Within the Fifties, the most crowded location on earth changed into a Japanese island 9 miles of Nagasaki. Nowadays, it might be tough to imagine such a lonely place.
• At Japan’s westernmost tip, 505 uninhabited islands dot the Sea of Japan. One of them is Hashima Island, bought by Mitsubishi Motors in 1890 when they discover coal over there. The company set-up some giant seawalls around the island, in order to prevent typhoons, as a result, the island remains known as Gunkanjima in Japanese —”Battleship Island.”
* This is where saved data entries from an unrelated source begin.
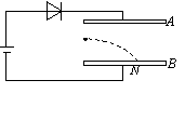 如图所示,平行板电容器AB两极板水平放置,A在上方,B在下方,现将其和二极管串联接在电源上,已知A和电源正极相连,二极管具有单向导电性,一带电小球沿AB 中心水平射入,打在B极板上的N点,小球的重力不能忽略,现通过上下移动A板来改变两极板AB间距(两极板仍平行),则下列说法正确的是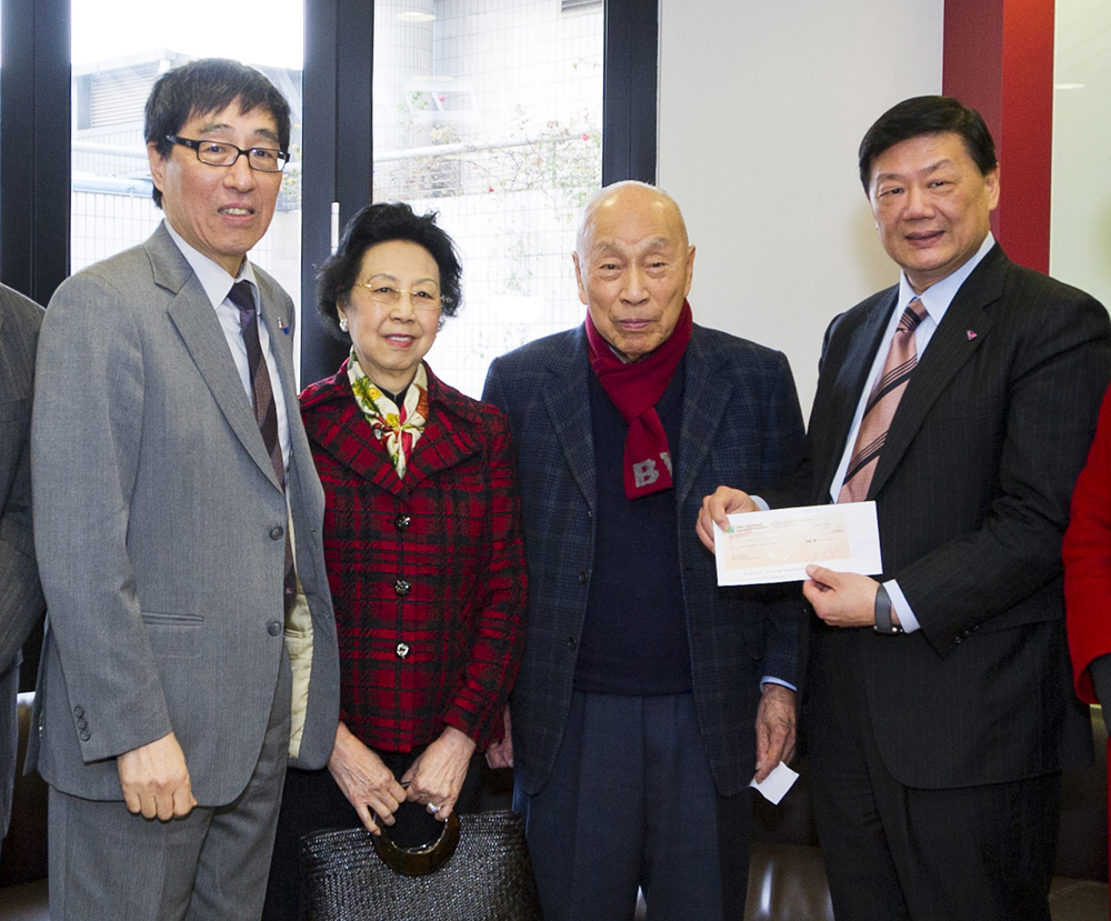 圖左起:郭位、李達三夫人、李達三和胡曉明,舉行一億港元支持城大獸醫學院支票接收儀式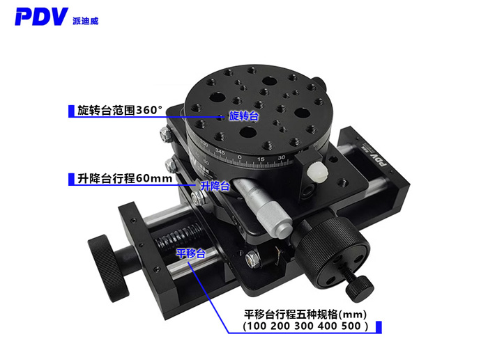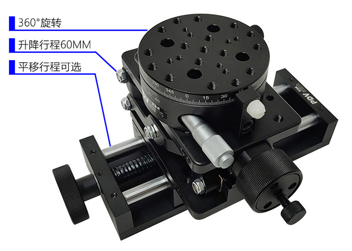 ■上下部均有标准孔距的连接孔,方便与其它位移台连接,组成多维移动台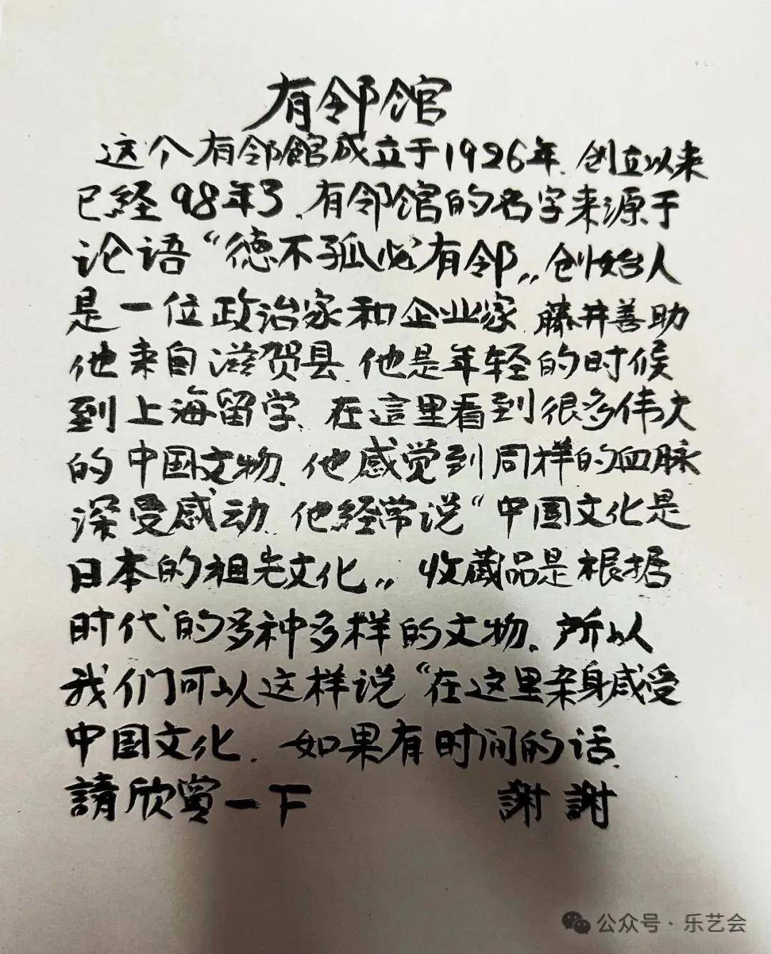 有邻馆由日本近江的富商藤井善助(1873-1943)创建于1926年10月。藤井善助早年留学于上海的日清贸易研究所(1901年改组为东亚同文书院),回到日本后继承家业,开始收集中国文物。藏品包括商、周青铜器到宋、元、明、清书画。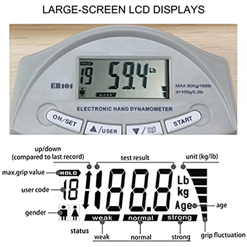 Digital Electronic Hand Dynamometer Grip Strength Measurement Meter Auto Hand Grip Power 200 Lbs / 90 Kgs Sports Tools for Hands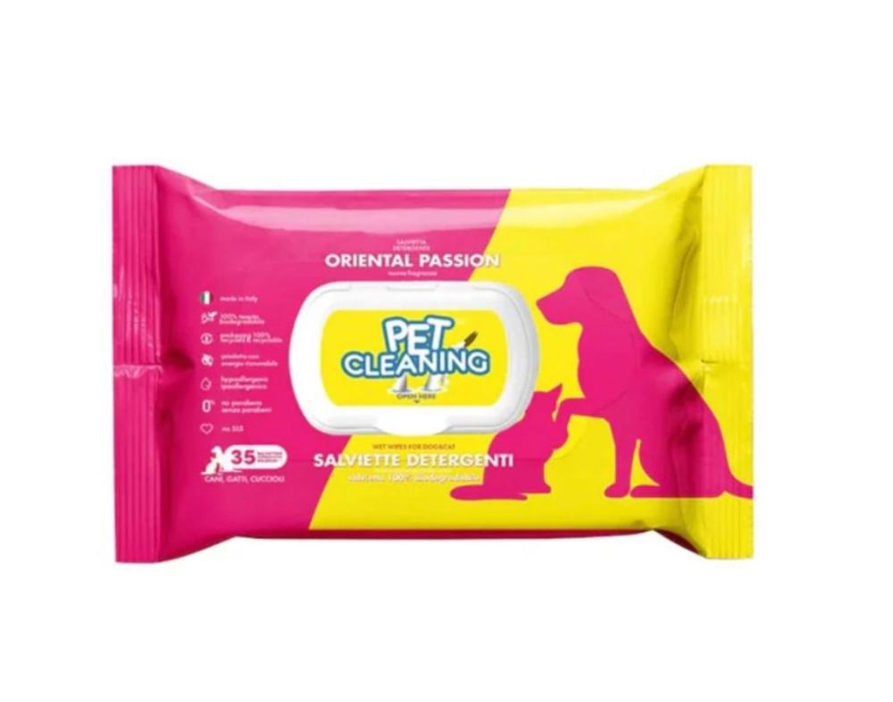 مناديل مبللة لتنظيف الحيوانات الأليفة برائحة الشغف الشرقي للكلاب والقطط، 35 قطعة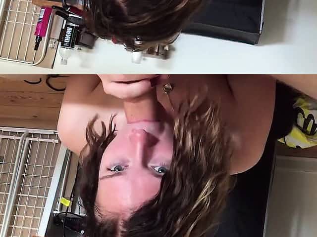 Shy Blonde Girl Giving Hot Blowjob With Her Pierced Tongue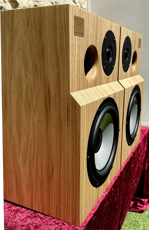 Enceinte audiophile 2 voies bass-reflex au format bibliothèque, de conception symétrique.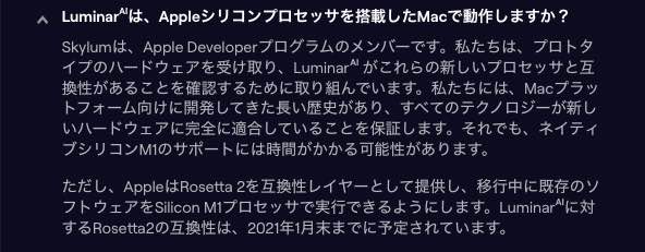 macOS用のLuminar AIの画像編集ソフトウエアはIntelチップ用でApple製M1チップのMACでは、エミュレーター(Rosetta2)で動作しているようです。

Big Apartment Towers, Japan’s
First massive concrete buildings, built to house the army of workers that Hashima’s mine required. By 1959, there were 5,259 human beings dwelling there, on a footprint smaller than a regular stadium. That gave the island a population density of over 216,000 citizens per square mile, more crowded than any other island on earth.
• In 1974, Mitsubishi shut down the mine. Japan’s coal industry had collapsed because of the country’s switch to petroleum. Within few weeks, the whole island became absolutely abandoned. A vertical concrete ghost town where desks still in classrooms, furniture and TVs still in place. The authorities banned travel to the ghost island, you’ll deal with 30 days in prison if you decide to do so.